◆ Input material:
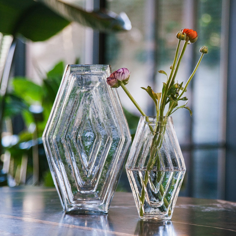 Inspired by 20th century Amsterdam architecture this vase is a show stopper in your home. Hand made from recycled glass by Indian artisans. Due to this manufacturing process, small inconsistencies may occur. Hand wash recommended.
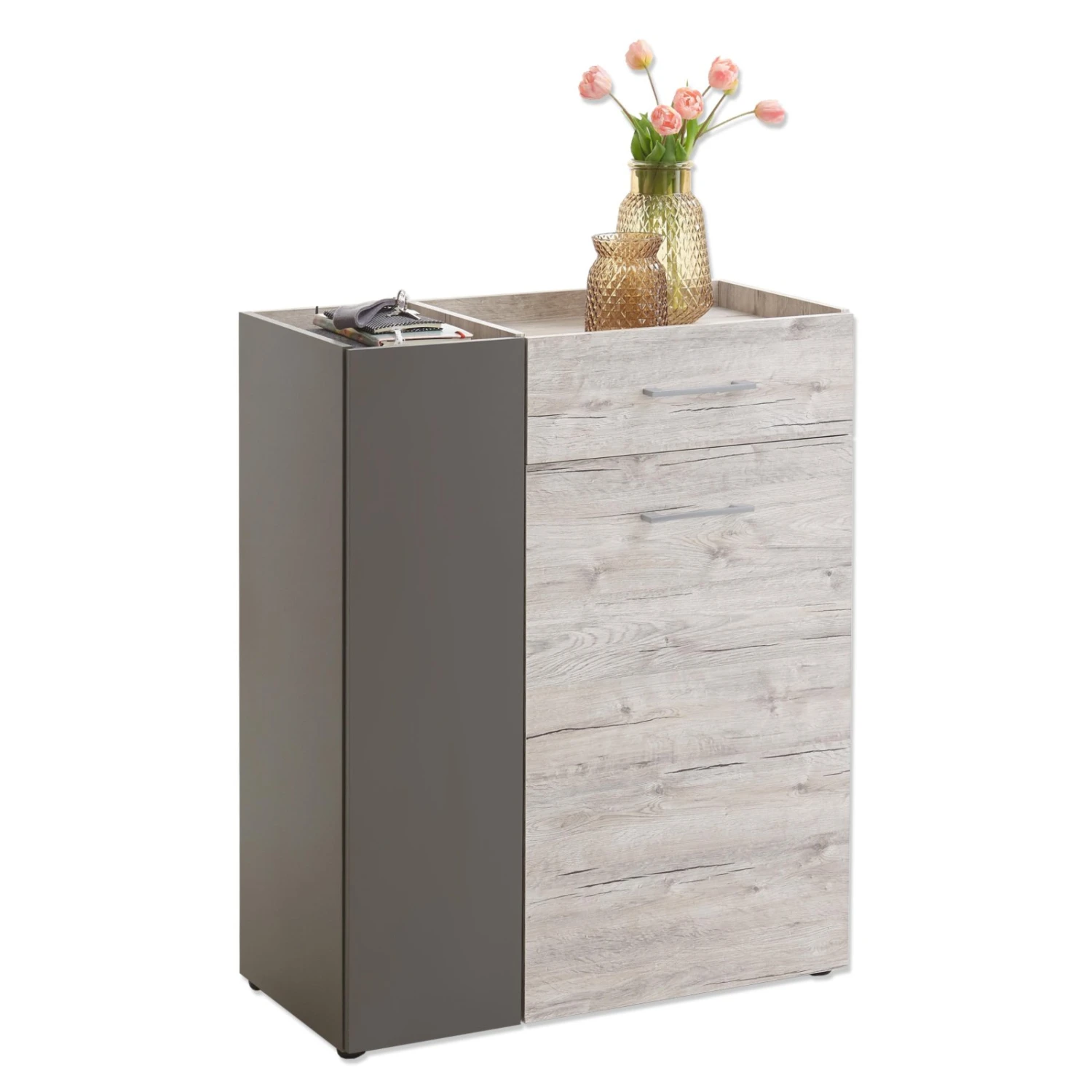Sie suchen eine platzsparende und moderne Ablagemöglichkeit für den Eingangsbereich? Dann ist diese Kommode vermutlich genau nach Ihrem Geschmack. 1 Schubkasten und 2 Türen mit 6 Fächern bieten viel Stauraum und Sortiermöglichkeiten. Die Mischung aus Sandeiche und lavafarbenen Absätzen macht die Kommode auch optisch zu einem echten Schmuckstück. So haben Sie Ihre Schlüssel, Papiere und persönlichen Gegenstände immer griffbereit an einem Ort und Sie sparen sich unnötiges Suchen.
--
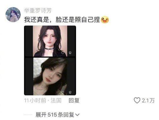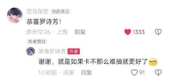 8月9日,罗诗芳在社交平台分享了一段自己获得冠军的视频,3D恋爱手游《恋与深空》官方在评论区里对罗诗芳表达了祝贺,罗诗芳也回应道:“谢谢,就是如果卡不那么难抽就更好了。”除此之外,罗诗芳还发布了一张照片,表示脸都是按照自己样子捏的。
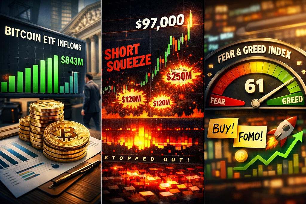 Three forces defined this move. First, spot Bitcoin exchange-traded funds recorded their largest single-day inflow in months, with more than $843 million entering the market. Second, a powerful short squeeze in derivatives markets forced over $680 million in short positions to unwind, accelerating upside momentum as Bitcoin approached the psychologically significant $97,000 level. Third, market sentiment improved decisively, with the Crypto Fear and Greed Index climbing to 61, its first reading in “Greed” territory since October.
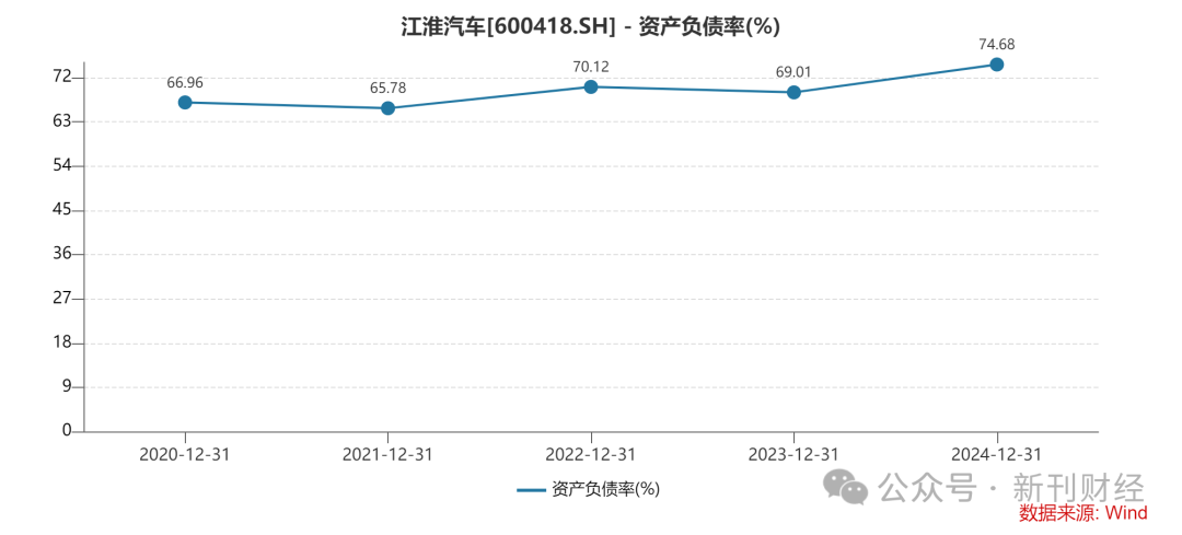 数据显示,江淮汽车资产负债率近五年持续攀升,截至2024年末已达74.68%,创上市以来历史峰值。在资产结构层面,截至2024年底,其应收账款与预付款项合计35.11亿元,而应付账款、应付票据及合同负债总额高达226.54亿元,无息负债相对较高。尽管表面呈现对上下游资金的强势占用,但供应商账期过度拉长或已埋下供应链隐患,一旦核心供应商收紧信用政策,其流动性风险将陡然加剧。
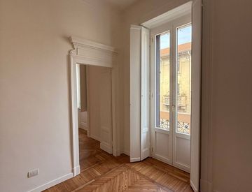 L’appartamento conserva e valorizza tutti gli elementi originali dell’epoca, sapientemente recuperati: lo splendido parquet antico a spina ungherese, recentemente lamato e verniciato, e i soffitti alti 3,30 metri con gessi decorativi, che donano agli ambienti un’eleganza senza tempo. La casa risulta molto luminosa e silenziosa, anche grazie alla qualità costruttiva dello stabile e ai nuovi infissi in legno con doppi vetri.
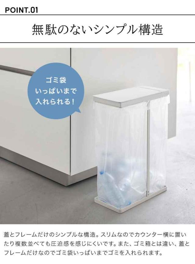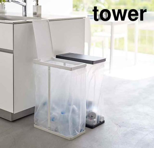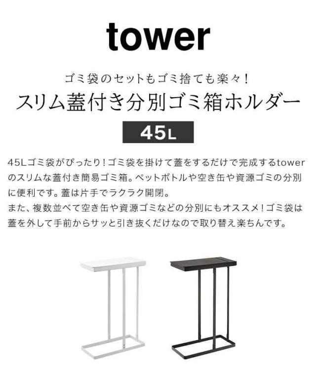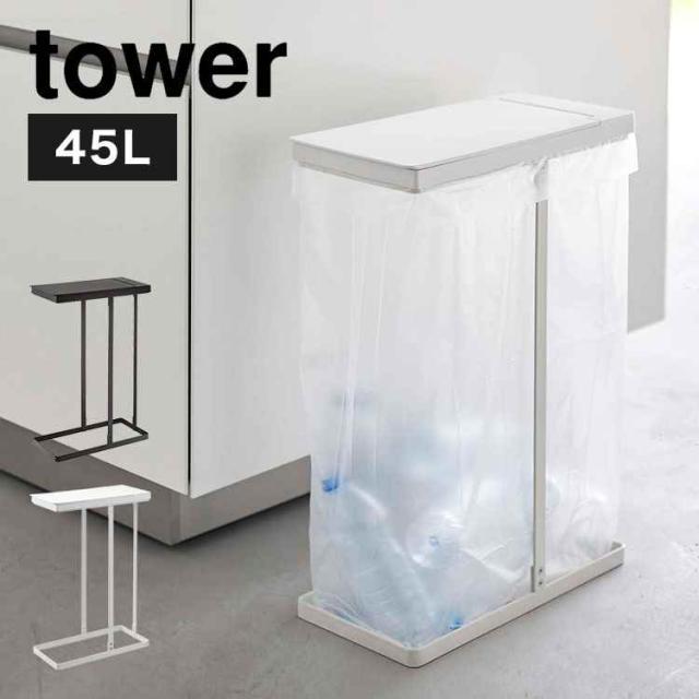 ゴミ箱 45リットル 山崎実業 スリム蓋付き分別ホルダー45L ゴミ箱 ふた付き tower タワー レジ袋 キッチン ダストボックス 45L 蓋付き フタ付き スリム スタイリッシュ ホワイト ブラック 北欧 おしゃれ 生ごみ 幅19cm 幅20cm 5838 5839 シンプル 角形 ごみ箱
--
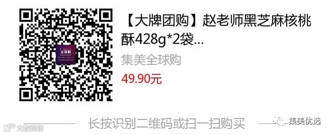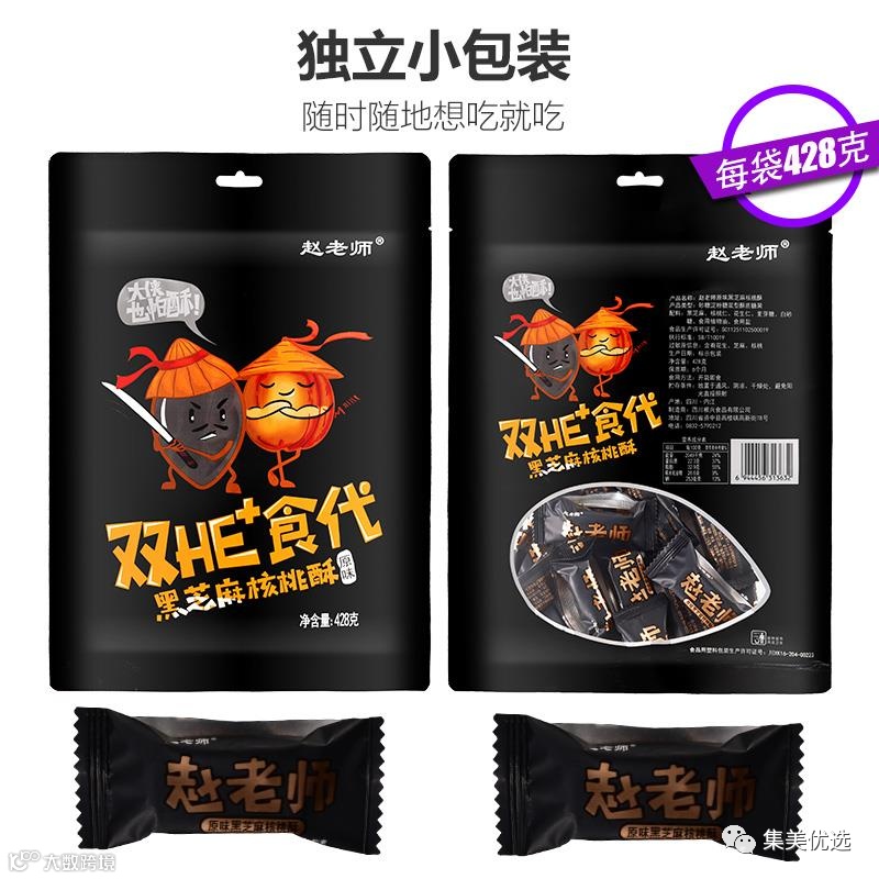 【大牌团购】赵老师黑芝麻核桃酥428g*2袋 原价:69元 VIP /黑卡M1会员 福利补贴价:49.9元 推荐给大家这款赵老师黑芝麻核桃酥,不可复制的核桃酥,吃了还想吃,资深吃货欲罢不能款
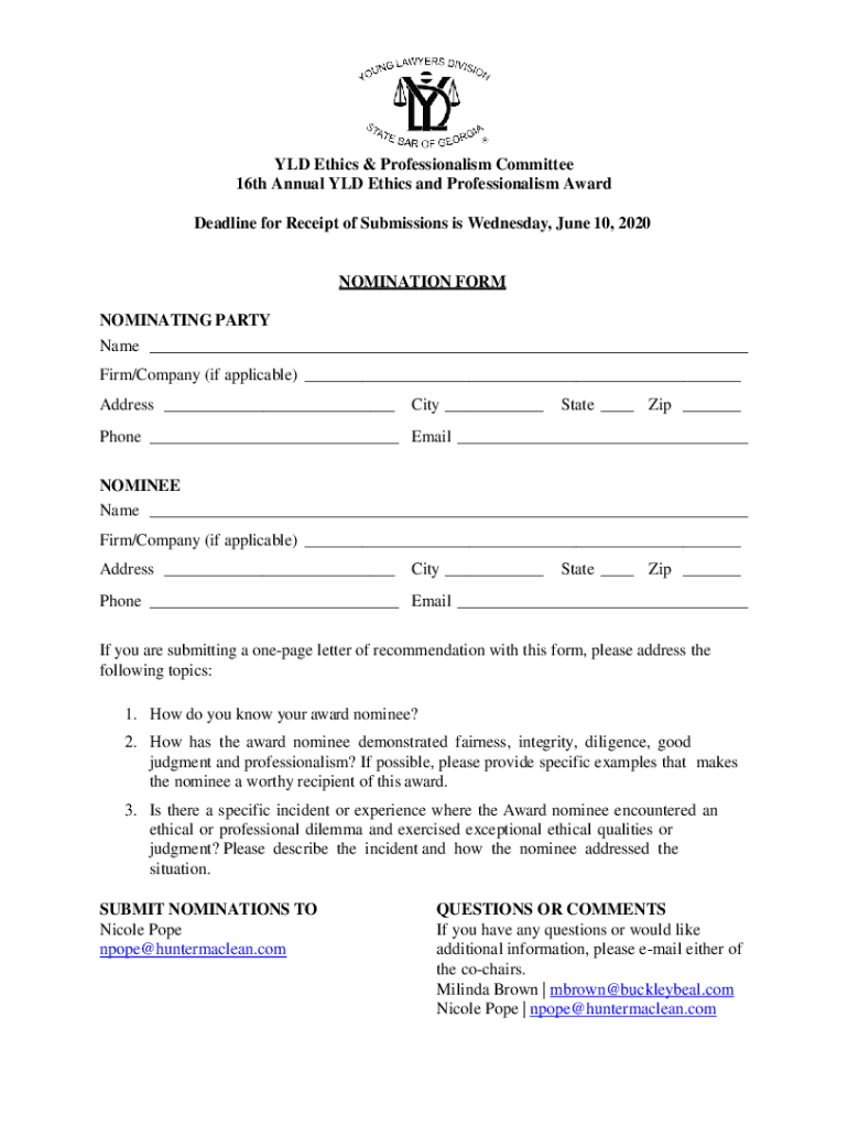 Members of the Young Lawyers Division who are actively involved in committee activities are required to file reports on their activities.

◆ What the exercise asks:
Leave out the images and write out the lines above exactly, from the one with "Inspired by 20th" up to and including the one with "Sie suchen eine".

◆ Output for this exercise:
 Inspired by 20th century Amsterdam architecture this vase is a show stopper in your home. Hand made from recycled glass by Indian artisans. Due to this manufacturing process, small inconsistencies may occur. Hand wash recommended.
Sie suchen eine platzsparende und moderne Ablagemöglichkeit für den Eingangsbereich? Dann ist diese Kommode vermutlich genau nach Ihrem Geschmack. 1 Schubkasten und 2 Türen mit 6 Fächern bieten viel Stauraum und Sortiermöglichkeiten. Die Mischung aus Sandeiche und lavafarbenen Absätzen macht die Kommode auch optisch zu einem echten Schmuckstück. So haben Sie Ihre Schlüssel, Papiere und persönlichen Gegenstände immer griffbereit an einem Ort und Sie sparen sich unnötiges Suchen.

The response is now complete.